10. Try the Pomodoro technique
The Pomodoro technique is a time management tool. You set a 25 minute timer, work on a single task for that amount of time, and then take a five minute break before starting another 25 minute focus time block.
This encourages good time management because you know that you’ll get a break soon — and you may be surprised by how much you can get done in 25 minutes.
There are lots of apps out there, but here is a roundup of our three favorite Pomodoro apps to try out.
11. Improve both personal and professional time management
When helping someone improve their time management skills, help them realize that this will have a positive effect on both their own time and their time at work.
In his book, The Purposeful Planning Method, Matt East helps people spend more time on the things that matter most to them.
Take a page out of his book (pun intended). Then sit down with your team members and discuss their highest priorities. Use these 10 questions from East’s book to guide your conversation:
- If I could achieve one thing today, what would it be?
- What would be the second most important thing?
- What would be the third most important thing?
- What remains to be done after those three things?
- Which tasks can I delegate to others?
- What are some other tasks that others are working on and need my attention?
- What action today will get me closer to my goals?
- What is the one thing that I could complete that would make me feel productive and happy at the end of the day?
- How will I reduce my stress levels today?
- Which relationships in my life need the most of my energy today? (work relationship, family, friends, romantic partner, etc)
According to East, these 10 questions will help you understand how people think about and work on prioritizing their tasks. This can be more challenging now as team leaders navigate leading hybrid teams that have a combination of commuting and work-from-home team members.
Time management Q&A
As a hypothetical idea, good time management sounds great. But how can team leaders help their teams build good time management skills and how does good time management benefit people both in and out of the workplace?
Why is good time management beneficial for teams?
When leaders help their team members manage time well, it can increase productivity and reduce stress. Finding ways to improve time management at work not only helps work go smoothly, but it also helps people unplug from work once the day is over — which can help them come back to the office better rested and ready to be productive.
How can team leaders inspire good time management?

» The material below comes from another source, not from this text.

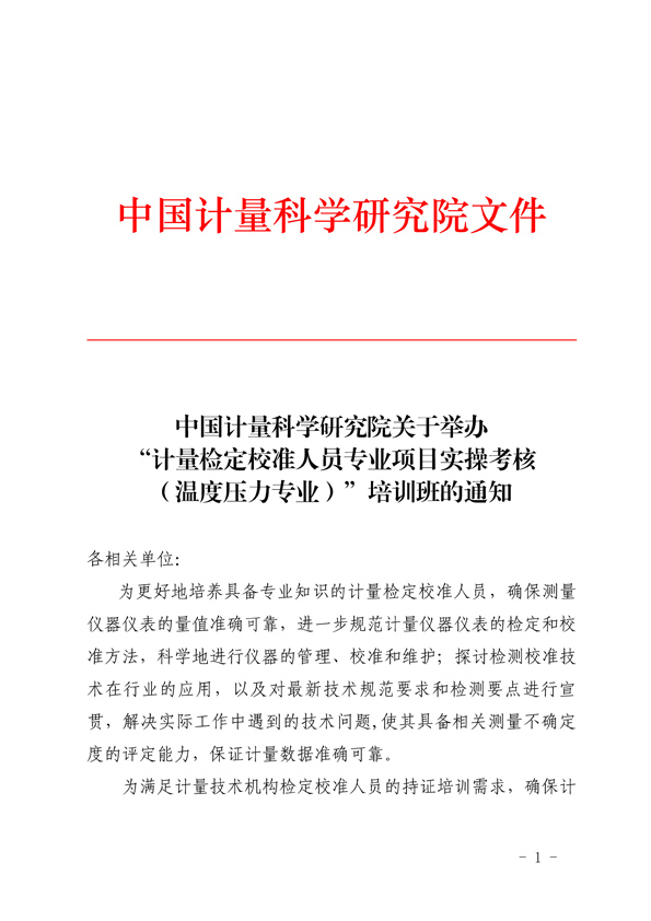 中國計(jì)量院關(guān)于舉辦“計(jì)量檢定校準(zhǔn)人員專業(yè)項(xiàng)目實(shí)操考核(溫度壓力專業(yè))”培訓(xùn)班的通知

Team leaders should model good time management. This means having a healthy work-life balance, running productive meetings, communicating with team members in ways that don't derail their focus, and providing their team members with time management training.

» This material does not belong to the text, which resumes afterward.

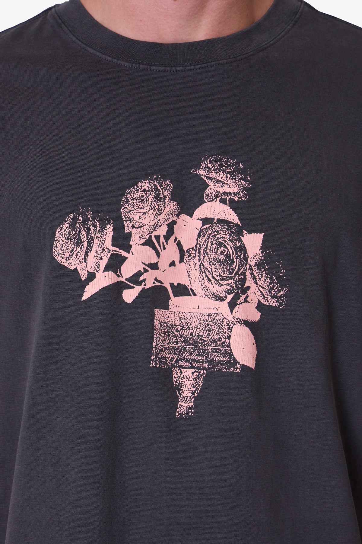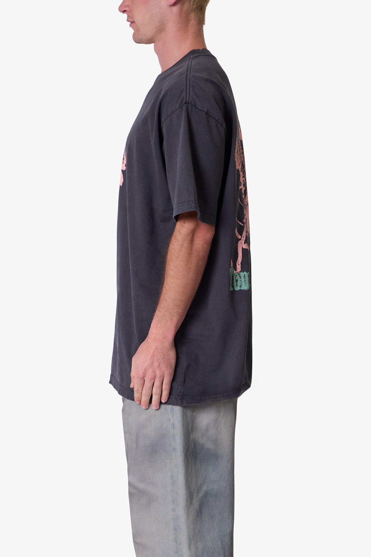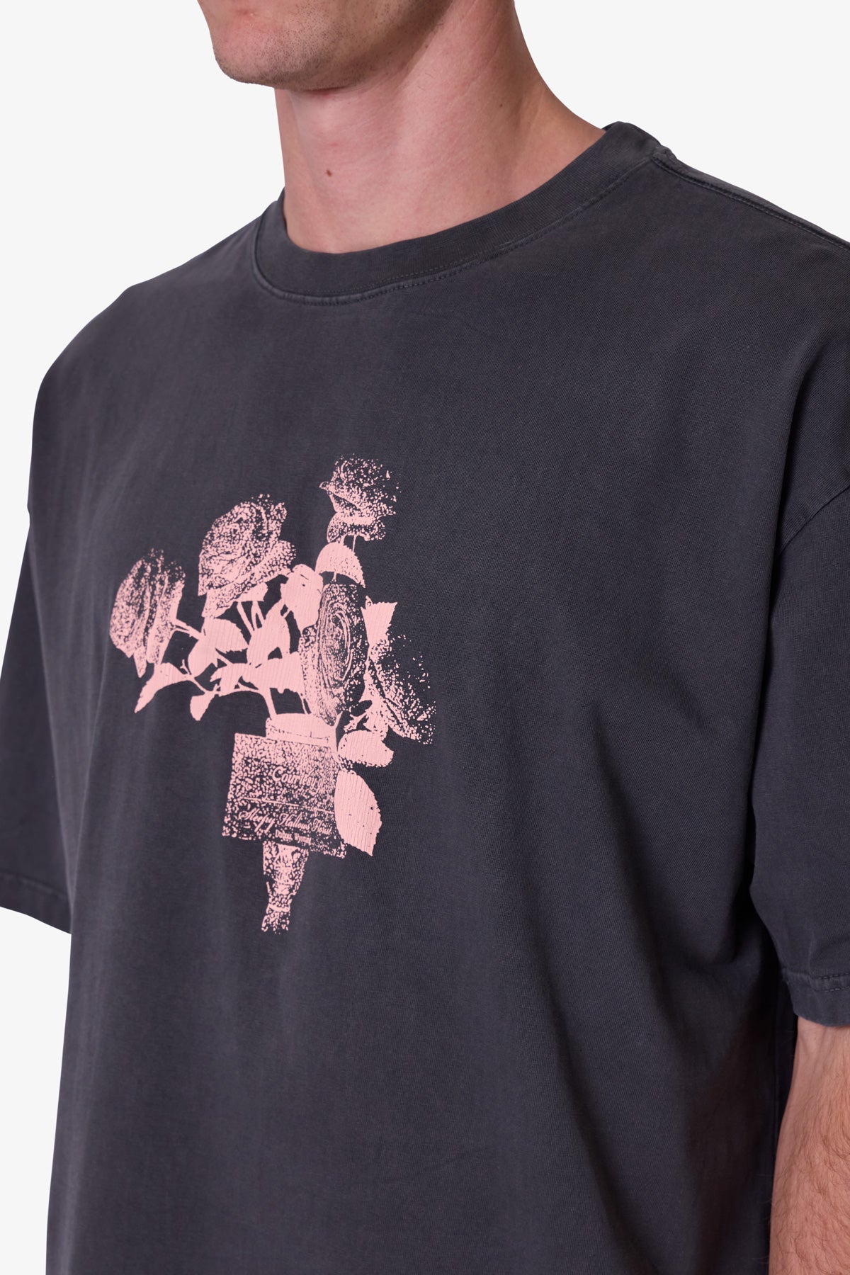 the Gift Tee features a relaxed and boxy fit. ribbing at the neck. a standard hem. printed graphics on the front and back. and finished with a garment dye for a vintage feel.

Building good time management practices within your team can be a challenge — but it’s definitely worth it. Help your team understand that implementing good time management habits in the workplace will benefit their personal life as well.
There’s a lot more to discover about time management, but these tips are a great place to improve your team’s time management skills.
Team members becoming more intentional with how they spend work time and learning to prioritize the most important tasks first, are habits that will naturally overflow into their personal lives. When team members understand that better time management is not only about higher company productivity, they will be more likely to try various time management strategies and grow in this area.